I have a weighted graph, and I want to compute a new weighting function for the graph, such that the edge weights are distinct, and every MST in the new graph corresponds to an MST in the old graph.

I can't find a feasible algorithm. I doubled all the weights, but that won't make them distinct. I also tried doubling the weights and adding different constants to edges with the same weights, but that doesn't feel right, either.

The new graph will have only 1 MST, since all edges are distinct.

Answer 1

Very simple: we multiply all weights by a factor K large enough to ensure that our small changes cannot affect the validity of an MST. I'll go overboard on this one:

K = max(<sum of all graph weights>, 
        <quantity of edges>)
        + 1

Number the N edges in any order, 0 through N-1. To each edge weight, add the edge number. It's trivial to show that

1. the edge weights are now unique (new difference between different weights is larger than the changes);
2. any MST in the new graph maps directly to a corresponding MST in the old one (each new path sum is K times the old one, plus a quantity smaller than K -- the comparison (less or greater than) on any two paths cannot be affected).

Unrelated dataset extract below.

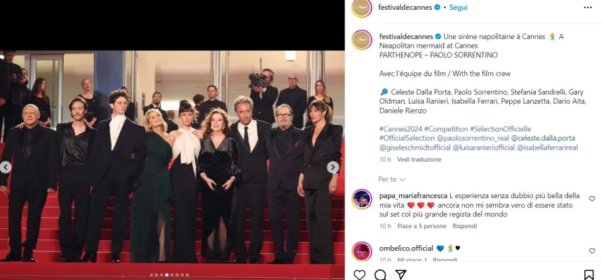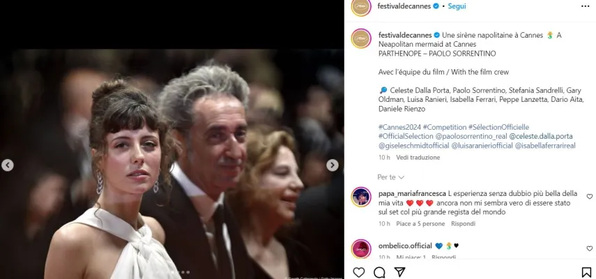 CANNES. Un'ovazione. Oltre dieci minuti di applausi. Parthenope, il nuovo film di Paolo Sorrentino (uscirà il prossimo autunno), in corsa alla Palma d’Oro al Festival di Cannes, meraviglia e stupisce, ma è ancora l’ulteriore summa, di contenuto, estetica, del suo cinema, questa volta con una novità importante (nell’immaginario costruito in tanti anni, film e serie) lo sguardo di un personaggio femminile. La sua Parthenope, nome antico di Napoli, è un viaggio cronologico ed esistenziale, profondo e di formazione, che comincia nel 1950, attraversa gli anni ‘70, e arriva fino ai giorni nostri, precisamente nel 2023, nel descrivere la propria crescita, gli incontri rivelatori, da uno scrittore (Gary Oldman), a un professore (Silvio Orlando), con altre donne (Isabella Ferrari e Luisa Ranieri), le esperienze, anche dolorose. Proteggendo la sua giovinezza, si prepara al passare del tempo, nella concretezza dell’esistenza, sogna, immagina e ci conduce nella scoperta di tutto ciò.
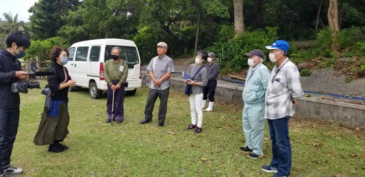 ノーモアージャパンマラリアの長島さんが伊野田で撮影の趣旨を説明。

Yes, this is overkill: you can restrict the value of K quite a bit. However, making it that large reduces the correctness proofs to lemmas a junior-high algebra student can follow.

Answer 2

We definitely cannot guarantee that all of the MSTs in the old graph are MSTs in the new graph; a counterexample is the complete graph on three vertices where all edges have equal weights. So I assume that you do not require the construction to give all MSTs, as that is not possible in the general case.

Can we always make it so that the new graph's MSTs are a subset of the old graph's? This would be easy if we could construct a graph without a MST. Of course, that doesn't make any sense and is impossible, since all graphs have at least one MST. Is it possible to change edge weights so that only one of the old graph's MSTs is an MST for the new graph? I propose that this is possible in general.

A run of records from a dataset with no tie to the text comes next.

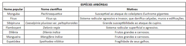 No projeto aprovado e sancionado, está prevista somente a substituição das mongubas e dos ficus. “Devido à sua fragilidade, as mongubas, sendo uma espécie típica da Mata Atlântica em áreas úmidas, têm dificuldade em enraizar adequadamente. Isso aumenta significativamente o risco de queda”, explica a bióloga Wanessa Castro.
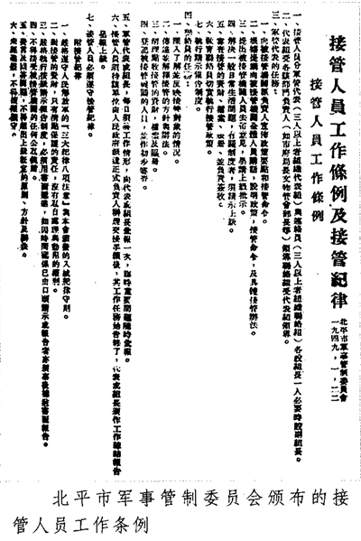 1948年12月22日,平津前线司令部发布“约法八章”。12月28日,叶剑英签发《北平市军管会关于做好入城准备工作的通告》,规定了“入城纪律十四条”,细化了“约法八章”,要求入城人员服装整齐,注意礼节,不准在街上吃东西,不准私入民宅,遵守群众纪律等。1949年1月22日,市军管会又发布《接管人员工作条例及接管纪律》,要求“严格遵守人民解放军的‘三大纪律八项注意’与本会颁发的入城纪律守则”“严格执行按级请示报告制度”“不得接受被接管机关的任何公私馈赠”等6条接管纪律。
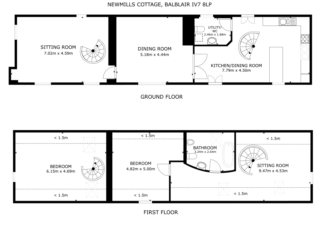 Newmills House is in the scattered hamlet of Newmills on the Black Isle. The property is ina beautiful, sheltered setting and one of a cluster of traditional houses, with a burn runningalong one boundary and stunning, far-reaching views to Ben Wyvis from the rear.The Black Isle lies between the Moray and Cromarty Firths and has fertile rolling countrysidewith a beautiful coastline of raised beaches and prominent headlands. The area has a numberof way-marked cycle trails and walks, while the coastal villages offer sheltered harbours andFortrose has a links golf course. The unspoilt countryside provides a haven for many rareand protected species of wildlife and Newmills is in an ideal setting from which to enjoy thebest the area has to offer with beautiful walks direct from the house.Cromarty is a former fishing village and is a charming mix of meandering lanes, fishermen’scottage and substantial houses. There is a good range of independent shops, a smallsupermarket with post office, and primary school, as well as cafes, restaurants, a brand newCommunity Cinema and the harbour with its ferry to the north side of the firth. Secondaryschooling is available at the highly-regarded Fortrose Academy and Inverness, about 30minutes’ drive away, has all the facilities of a modern city including its airport with regularflights to the south and Europe.The property was purchased by the current owners about 15 years ago and comprises atraditional farmhouse with an adjacent U-shaped stone and slate steading. The farmhouse hasbeen partly renovated but is now in need of further renovation, however, it is extremely attractive and offers great potential.

1. Determine some MST of the old graph.
2. Construct a new graph with the same edges and vertices, but with weights assigned as follows:
   • if the edge in the new graph belongs to the MST determined in step 1, give it a unique weight between 1 and n, the number of edges in the graph.
   • otherwise, give the edge in the new graph a unique weight greater than or equal to n^2, the square of the number of edges in the graph.

Without proof, it seems like this should guarantee that only the nominated MST from the old graph is an MST of the new graph, and therefore every MST in the new graph (there is just the one) is an MST in the old graph.

Now, one could ask whether we can do the deed with additional restrictions:

• Can you do it if you only want to change the values of edges that are not unique in the old graph?
• Can you do it if you want to keep relative weights the same for edges which were unique in the old graph?

One could even pose optimization problems:

• What is the minimum number of edge weights that must be changed to guarantee it?
• What is the weighting with minimum distance (according to some metric) from the old weighting that guarantees it?
• What is the weighting that minimizes the average change while also guaranteeing it?

I am hesitant to attempt these, what I believe to be much more difficult, problems.